- Available data:
Start of Block

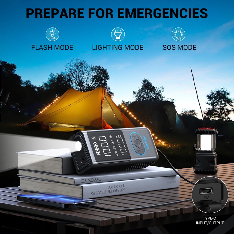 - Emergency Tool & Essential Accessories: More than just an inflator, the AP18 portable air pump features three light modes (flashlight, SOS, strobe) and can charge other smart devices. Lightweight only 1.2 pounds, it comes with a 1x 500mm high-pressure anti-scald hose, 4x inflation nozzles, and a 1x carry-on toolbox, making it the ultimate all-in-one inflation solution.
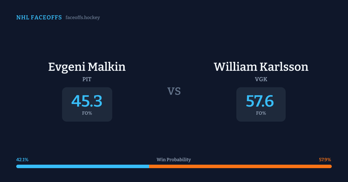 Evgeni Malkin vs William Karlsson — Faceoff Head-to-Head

End of Block
Start of Block

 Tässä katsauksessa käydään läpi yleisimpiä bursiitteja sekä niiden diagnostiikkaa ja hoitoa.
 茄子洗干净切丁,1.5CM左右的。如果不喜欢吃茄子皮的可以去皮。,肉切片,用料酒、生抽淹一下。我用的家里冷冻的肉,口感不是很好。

End of Block

- Task to carry out:
Leaving pictures out, output the lines of the data above from the one with "- Emergency Tool" through the one with "Evgeni Malkin vs", word for word.

- Solution to this problem:
 - Emergency Tool & Essential Accessories: More than just an inflator, the AP18 portable air pump features three light modes (flashlight, SOS, strobe) and can charge other smart devices. Lightweight only 1.2 pounds, it comes with a 1x 500mm high-pressure anti-scald hose, 4x inflation nozzles, and a 1x carry-on toolbox, making it the ultimate all-in-one inflation solution.
 Evgeni Malkin vs William Karlsson — Faceoff Head-to-Head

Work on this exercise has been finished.